Como o aumento do investimento público estimularia a economia?

"O aumento de investimento público teria efeitos no nível de atividade, na geração de empregos e implicaria aumento de arrecadação. Com desoneração, o empresário mantém apenas a margem de lucro. Ele não vai vender mais e ter aumento de receita, que se transformaria em mais lucro. Os empresários brasileiros são limitados. Eles acham que pagando menos impostos terão mais lucro. O problema é que ele só vai ganhar mais se as vendas não caírem. Os empresários brasileiros não pensam em nível sistêmico. Só no próprio umbigo"
José Luis Oreiro, professor do UnB

O que diz o autor da proposta que prorrogou a desoneração?
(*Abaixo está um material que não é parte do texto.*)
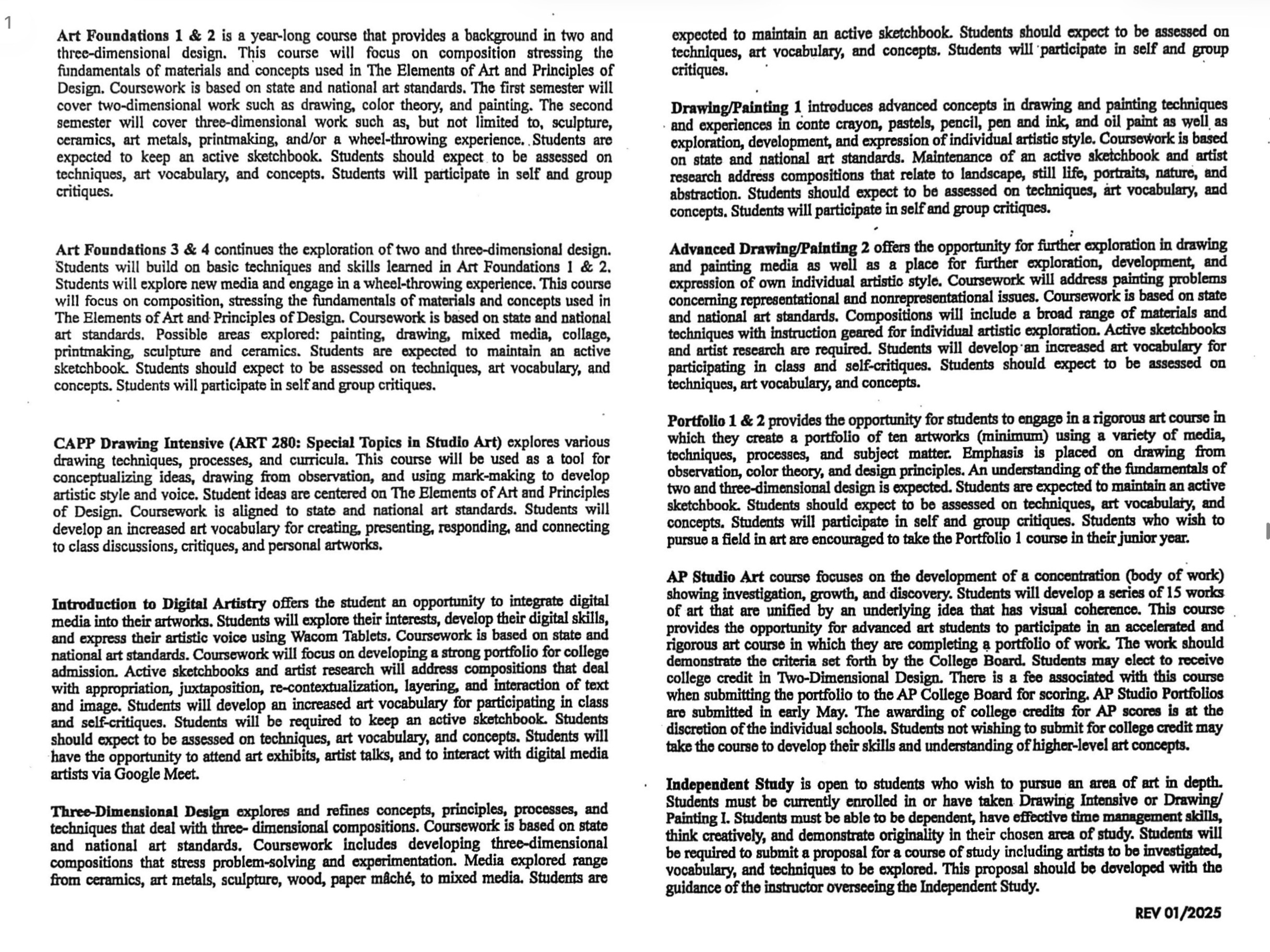 ART COURSES This section contains listing of projects, PowerPoints, lecture notes, reflections and assessments. Courses will have tabs for each art course that Mr. Juárez and Mrs. Arneson are teaching. Share this: Share on Facebook (Opens in new window) Facebook Share on X (Opens in new window) X Like Loading...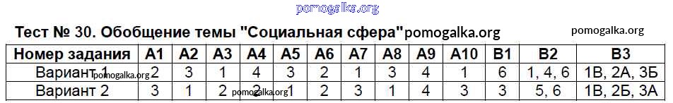 Готовые ответы - Обществознание 8 класс контрольно-измерительные материалы Поздеев А.В. - тест 30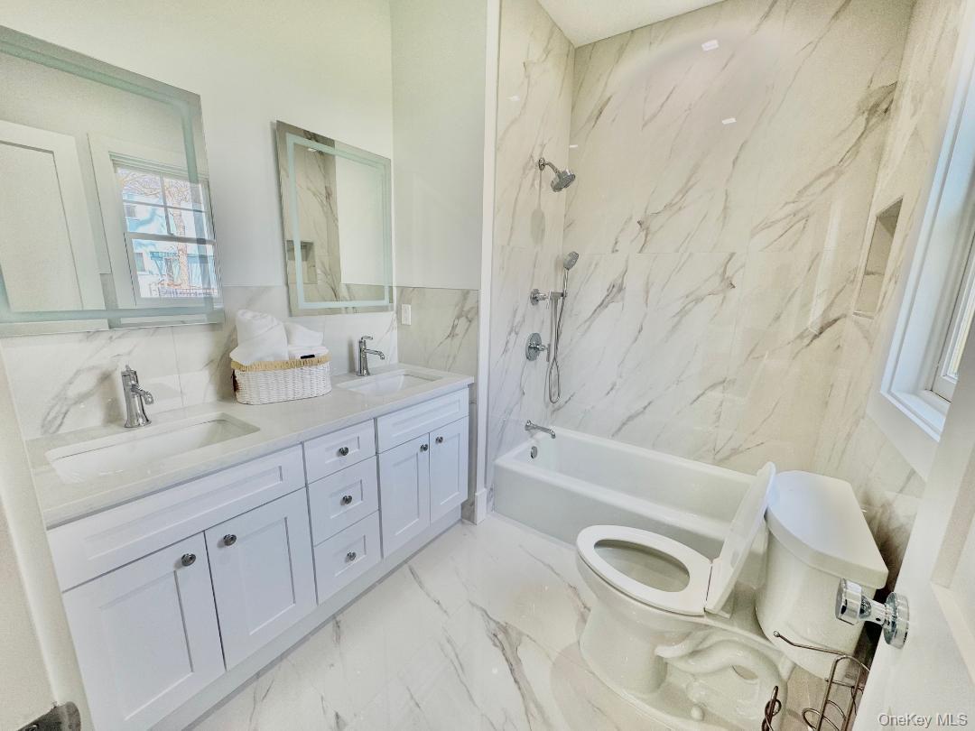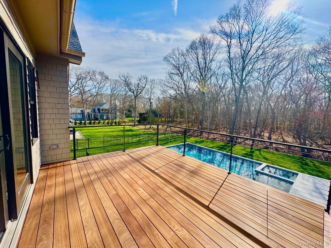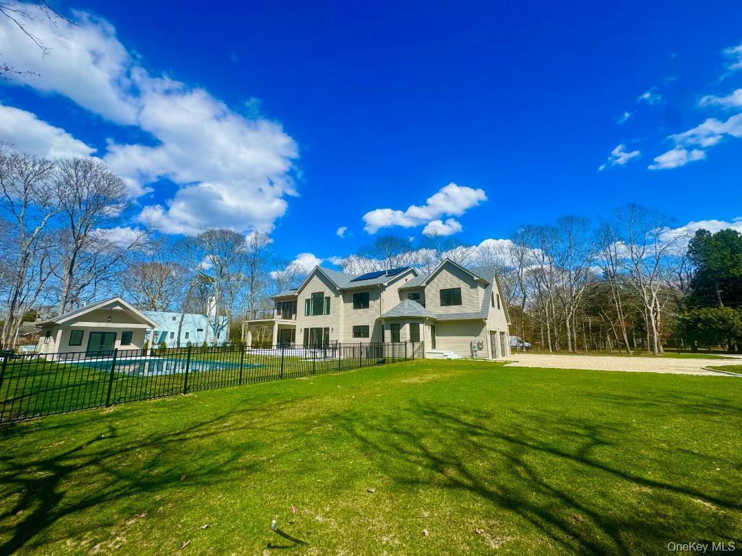 Welcome to Westhampton's newest addition in a very special, long preserved, pristine, south of the highway location. Set perfectly on what was one of a nearly 4-acre parcel, sits a brand new exceptionally detailed estate. The remaining nearly three creekfront acres have been purchased by Preservation. The owner of this home buys one acre and enjoys the additional three to the rear eternally preserved. This is the Hampton's the way it used to be and it's brand new. Located on prestigious Jagger Lane, a quiet tree-lined street founded by one of WH's oldest families, perfect for long summer walks, bicycling, minutes to WHB's newly remade village, and miles of pristine Ocean beaches on Dune Road. The perfect launch pad for summer forays to North Fork wineries, Montauk and more, all while remaining the most convenient Hampton. No long traffic lines to get to your place in the sun. This magnificent home sits high and dry, nicely 22' above sea level requiring no flood insurance whatsoever. Powered Tesla solar electric, ultra efficient Bosch heat pumps and central air. This is a perfect spot for extended family time and more. This home has too many upgrades to list. But will try. . To start, this home has three exceptionally constructed levels with open floor plan, high ceilings, a two-story grand entry and great room, looking out onto a 44'x 20' Gunite, salt water, heated pool with sun shelf and hot tub, Pentair multicolor lighting and equipment, marble patio, and exceptionally well built, All season pool house with tiled floors, bath, wet bar, patio doors and covered porch for lounging, abutting a 3 acre rear preserve. Bring the reserve Merlot and start enjoying the best of this tranquil setting. To the south is a long driveway, room for 5-6 cars easily (builder says 8), a 2-1/2 car garage with smokey glass insulated doors, epoxy floors, entry into the homes south side, mud room, pantry. The front, rear and lower level entries all have marble patios, Anderson A-series windows & doors. Inside find Select, Rift and Quartered white oak flooring, vaulted ceilings, a grand entryway flowing seamlessly into light filled rooms, French doors to the rear for added light, Floors connect effortlessly with open, beautiful white oak & stainless stairs & railings. No East End home would be complete without a full ensuite Jr. Master on the main floor. Nicely decorated, walk in closet, stackable laundry, bathroom with double sink. Want for nothing! Chef's kitchen is breathtaking, with a waterfall edge center island, Sub Zero, Wolf range, wall ovens & microwave, Cove dishwasher, Stainless Farm sink, Kohler fixtures, an abutting light filled Breakfast room with its own door to the rear, and adjacent (dual door) walk in pantry. Dining room will not be forgotten or go stale as it flows seamlessly into all rooms with oversized doorways, light filled windows and convenient wet bars. Tastefully furnished with designer dining set and lighting. Living room is warm and accessible with gas fireplace, double doors to the patio and open to the great room and kitchen. Great room has 23' soaring light filled ceilings and awaits your designers touch. Upper level has an exceptional front to back master suite. Nicely separated by an open breezeway over to laundry room, three additional bedrooms, a bonus room, & well designed ensuite baths. Master/Primary has a raised ceiling, designer bath, two walk-in closets, Ipe deck overlooking rear yard, pool and preserve. Lower level stunner with high ceilings, polished concrete floors, oversized egress windows, double doors to marble patio, walk up to rear yard and pool area. There is a room, near the walk-out doors just below the above breakfast room that is ready for your future Sauna or Wine Room. Also, multiple closets, utility rooms and a trendy full bath. The open living area is your blank canvas. Fitness, Movie or Game room etc. Be in for the season.

A proposta de prorrogar até o fim de 2021 o benefício fiscal para 17 setores da economia foi incluída pelo deputado federal Orlando Silva (PCdoB-SP) no relatório da MP (Medida Provisória) 936. Segundo ele, a prorrogação do benefício foi concedida para manter os trabalhadores desses setores empregados, diante dos efeitos econômicos da pandemia do coronavírus. Silva afirmou que em alguns setores, como o de tecnologia, há possiblidade de aumento de contratações.

"O Brasil precisa rever seu sistema de tributação. É errado tributar a produção e tributar o emprego. Seria mais adequado tributar a renda. Em 2018, relatei a proposta que reduziu de 56 para 17 o número de setores que poderiam receber o benefício fiscal. Alguns setores tinham o benefício sem nenhuma justificativa. O primeiro filtro foi conceder o benefício para setores que são grandes empregadores. O segundo critério foi o de setores com grande concorrência de produtos importados, como o de calçados e o têxtil. O terceiro foram os setores estratégicos, como de tecnologia. E o quarto foi o de setores que podem sofrer com a inflação, como o de carnes e o de transporte urbano"
Orlando Silva, deputado federal

A medida não é ruim para as contas da Previdência Social?

"A contribuição patronal continua a existir. Ela deixa de ser sobre a folha de salários e passa a ser sobre o faturamento. Há uma mudança de base de cálculo, com estímulo a manutenção do emprego. Seguramente, se a contribuição voltar a incidir sobre a folha de pagamento teremos demissões. Isso leva a uma queda maior da arrecadação e uma segunda despesa é criada, com o pagamento do seguro-desemprego. Manter esses trabalhadores empregados é bom para a economia do país e há um ganho social"
Orlando Silva, deputado federal

O que defende o governo?

O ministro da Economia, Paulo Guedes, é contrário à renúncia fiscal apenas para 17 setores, diz que a medida precisa ser ampla e para todos os segmentos da economia. Além disso, Guedes é favorável a criação de um imposto digital, nos moldes da extinta CPMF, para compensar a perda de arrecadação com a desoneração.